*Work instruction*:
Without including any pictures, write out the data below exactly.

*Data shown*:
══════════

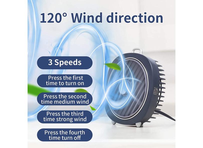 Ventilador de mesa USB de sowmow Pequeno, mas Poderoso Portátil Silencioso 3 Velocidades Vento e 2 Níveis de Iluminação Desktop Personal Fan Máscara Rotativa Mini Ventilador para Veículos home office Viagens ao ar livre (Marinha)
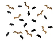 Fledermaus-Konfetti, schwarz und gold, Maße 1,7x0,7 Zentimeter, 2,5x0,7 Zentimeter.
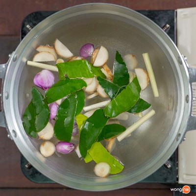 2.ตั้งน้ำไฟแรงใส่ ข่า ตะไคร้ ใบมะกรูด หอมแดง พอน้ำเดือด หรี่ไฟกลาง ใส่ไข่อ่อนลงไป ต้มต่อ10นาที

══════════

*Answer to this exercise*:
 Ventilador de mesa USB de sowmow Pequeno, mas Poderoso Portátil Silencioso 3 Velocidades Vento e 2 Níveis de Iluminação Desktop Personal Fan Máscara Rotativa Mini Ventilador para Veículos home office Viagens ao ar livre (Marinha)
 Fledermaus-Konfetti, schwarz und gold, Maße 1,7x0,7 Zentimeter, 2,5x0,7 Zentimeter.
 2.ตั้งน้ำไฟแรงใส่ ข่า ตะไคร้ ใบมะกรูด หอมแดง พอน้ำเดือด หรี่ไฟกลาง ใส่ไข่อ่อนลงไป ต้มต่อ10นาที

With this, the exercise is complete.